ForeWord Reviews

great books independent voices

That Darn Yarn!

Foreword Review

Uncle Gabby, a sock monkey, takes part in a dual adventure in this color and black-and-white book that offers great fun for both children and adults. Left-hand pages tell one story, while right-hand pages tell another in a completely different style—both together make up a “yarn” sure to keep kids and their parents engrossed.

The black-and-white drawings on the left, spare of detail but telling nonetheless, relate Ann-Louise’s dilemma when she realizes that it is David’s birthday and she has no gift for him. Mr. Crow, a toy bird, suggests that she darn David a sock. Ann-Louise considers the yarn and stuffing she finds in a basket at the foot of the staircase, and decides that she will knit a hat instead. She knits too far, though, and instead makes a toy sock monkey.

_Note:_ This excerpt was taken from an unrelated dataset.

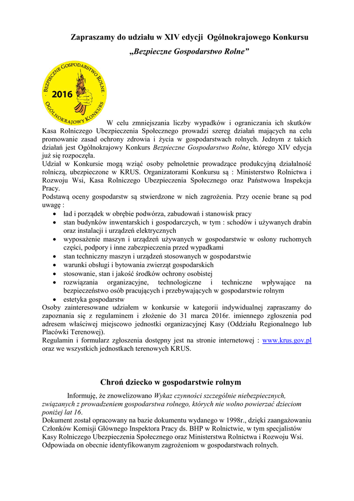 Zapraszamy do udziału w XIV edycji Ogólnokrajowego Konkursu „Bezpieczne Gospodarstwo Rolne” W celu zmniejszania liczby wypadków i ograniczania ich skutków Kasa Rolniczego Ubezpieczenia Społecznego prowadzi szereg działań mających na celu promowanie zasad ochrony zdrowia i życia w gospodarstwach rolnych. Jednym z takich działań jest Ogólnokrajowy Konkurs Bezpieczne Gospodarstwo Rolne, którego XIV edycja już się rozpoczęła. Udział w Konkursie mogą wziąć osoby pełnoletnie prowadzące produkcyjną działalność rolniczą, ubezpieczone w KRUS. Organizatorami Konkursu są : Ministerstwo Rolnictwa i Rozwoju Wsi, Kasa Rolniczego Ubezpieczenia Społecznego oraz Państwowa Inspekcja Pracy. Podstawą oceny gospodarstw są stwierdzone w nich zagrożenia. Przy ocenie brane są pod uwagę : ład i porządek w obrębie podwórza, zabudowań i stanowisk pracy stan budynków inwentarskich i gospodarczych, w tym : schodów i używanych drabin oraz instalacji i urządzeń elektrycznych wyposażenie maszyn i urządzeń używanych w gospodarstwie w osłony ruchomych części, podpory i inne zabezpieczenia przed wypadkami stan techniczny maszyn i urządzeń stosowanych w gospodarstwie warunki obsługi i bytowania zwierząt gospodarskich stosowanie, stan i jakość środków ochrony osobistej rozwiązania organizacyjne, technologiczne i techniczne wpływające na bezpieczeństwo osób pracujących i przebywających w gospodarstwie rolnym estetyka gospodarstw Osoby zainteresowane udziałem w konkursie w kategorii indywidualnej zapraszamy do zapoznania się z regulaminem i złożenie do 31 marca 2016r. imiennego zgłoszenia pod adresem właściwej miejscowo jednostki organizacyjnej Kasy (Oddziału Regionalnego lub Placówki Terenowej). Regulamin i formularz zgłoszenia dostępny jest na stronie internetowej : www.krus.gov.pl oraz we wszystkich jednostkach terenowych KRUS. Chroń dziecko w gospodarstwie rolnym Informuję, że znowelizowano Wykaz czynności szczególnie niebezpiecznych, związanych z prowadzeniem gospodarstwa rolnego, których nie wolno powierzać dzieciom poniżej lat 16. Dokument został opracowany na bazie dokumentu wydanego w 1998r., dzięki zaangażowaniu Członków Komisji Głównego Inspektora Pracy ds. BHP w Rolnictwie, w tym specjalistów Kasy Rolniczego Ubezpieczenia Społecznego oraz Ministerstwa Rolnictwa i Rozwoju Wsi. Odpowiada on obecnie identyfikowanym zagrożeniom w gospodarstwach rolnych. Poniżej przedstawiam Wykaz czynności szczególnie niebezpiecznych, związanych z prowadzeniem gospodarstwa rolnego, których nie wolno powierzać dzieciom poniżej lat 16: I. OBSŁUGA CIĄGNIKÓW ORAZ MASZYN ROLNICZYCH, W TYM SPRZĘGANIE ORAZ AGREGOWANIE. 1. Zabronione jest powierzanie dzieciom kierowania ciągnikami rolniczymi. Czynność ta wymaga wiedzy i doświadczenia, dlatego jest przeznaczona wyłącznie dla osób dorosłych, posiadających wymagane uprawnienia. Brak dostatecznych umiejętności przy obsłudze ciągnika i ograniczone możliwości psychofizyczne dzieci mogą doprowadzić do wypadku. Ofiarą zdarzenia może być nie tylko kierowca, ale również osoba znajdująca się w pobliżu pojazdu. 2. Dzieciom nie wolno powierzać obsługiwania maszyn rolniczych - szczególnie kombajnów, kosiarek rolniczych, pras do słomy i siana oraz kopaczek do roślin okopowych. Podczas ich bezpośredniej obsługi występuje ryzyko pochwycenia przez elementy ruchome, skaleczenia, a nawet amputacji kończyn. 3. Niedozwolone jest przebywanie dzieci w strefie pracy maszyn i pojazdów rolniczych. Najmłodsi nie zawsze zdają sobie sprawę z zagrożeń, dlatego dorośli powinni rozmawiać z nimi o niebezpieczeństwach związanych na przykład z zabawą w pobliżu pola, na którym pracują maszyny. Ryzyko przygniecenia, potrącenia lub przejechania przez maszynę rolniczą dotyczy szczególnie małych dzieci, które mogą być niezauważone przez operatora. Dzieci nie powinny przebywać w pobliżu maszyn również z uwagi na szkodliwy hałas i zapylenie towarzyszące ich pracy. 4. Nie wolno angażować dzieci do pomocy przy sprzęganiu oraz dopuszczać do ich przebywania pomiędzy ciągnikiem a sprzęganą maszyną. Nikt, oprócz operatora nie może uczestniczyć w wykonywaniu prac związanych ze sprzęganiem i rozprzęganiem maszyn, narzędzi rolniczych oraz przyczep z ciągnikami. Pomoc innej osoby, zwłaszcza dziecka, jest zabroniona z uwagi na duże ryzyko przygniecenia do maszyny lub przyczepy, a w konsekwencji - wystąpienia obrażeń tułowia, kończyn i głowy. Powszechne są także upadki zaczepu na stopę lub zmiażdżenia dłoni u osób pomagających przy sprzęganiu. Prace te nie są przeznaczone dla dzieci również dlatego, że wiążą się z dużym wysiłkiem fizycznym, mogącym prowadzić do urazów kręgosłupa. 5. Niebezpieczne dla dzieci są prace związane z obsługą maszyn stacjonarnych znajdujących się w gospodarstwie, zwłaszcza takich jak: sieczkarnie, śrutowniki, gniotowniki, mieszalniki, rozdrabniacze, dmuchawy, przenośniki ślimakowe i taśmowe. Maszyny te wyposażone są w ostre, ruchome elementy – noże, topory, walce i bębny, które mogą spowodować poważne urazy dłoni. Istnieje również ryzyko pochwycenia przez nieosłonięte wały napędowe i pasy transmisyjne. 6. Niedopuszczalne jest przebywanie osób na pomostach załadunkowych siewników i sadzarek do ziemniaków w trakcie pracy tych maszyn. Zakaz ten dotyczy szczególnie dzieci. Pomosty służą do napełniania zbiorników sadzarek oraz skrzyni nasiennej w siewnikach w trakcie postoju maszyn (odłączonych od WOM) i wyłącznie w tym celu powinny być wykorzystywane. Ręczne rozgarnianie nasion lub ziarna w skrzyni siewnika, a także strącanie nadmiaru sadzeniaków w trakcie pracy maszyn stwarza ryzyko poważnych urazów, w tym amputacji palców lub całych dłoni. Dzieci nigdy nie powinny uczestniczyć w czynnościach obsługowych siewników i sadzarek. 7. Dzieci nie powinn

The color illustrations on the right, detailed without being fussy, depict a comfortably elegant old Victorian home with stained-glass windows, abundant woodwork, patterned wallpaper, and carved balusters. Uncle Gabby the sock monkey starts the right-hand side of the book perched on the banister at the top of the house, but slips from his place; a nail catches a strand of yarn from his tail, and as he falls, the yarn unravels until there is nothing left but a clump of stuffing and a miraculously rewound ball of yarn in the basket on the ground floor.

These, of course, are the yarn and stuffing that Ann-Louise makes into the sock monkey that she knits for David. Her black-and-white tale concludes with her setting the finished project on the banister post as she knocks on David’s door and runs away. Of course this is precisely the position the sock monkey is in at the beginning of the color illustrations, just before David peers out his door and the monkey loses his balance and topples, unraveling as he goes, down the stairs.

Youngsters don’t need a large vocabulary to read this book; in fact, the color illustrations are wordless. The text on the black-and-white pages is simple, and includes a chanting rhyme about the parts that make up a child that kids will enjoy. Ann-Louise is well drawn, as is Mr. Crow. The spare lines of the black-and-white tale advance the story beautifully, as do the color pieces.

The author is an Eisner Award-winning artist and illustrator, who has published a whole series of “Sock Monkey” adventures, as well as collections of his gory alternative comic strips, the Maakies. Adults will appreciate the Mobius-strip quality of this story, as well as the Escher-like conundrum of just how the sock monkey comes to be made. Children will enjoy puzzling over which came first, the monkey or the yarn.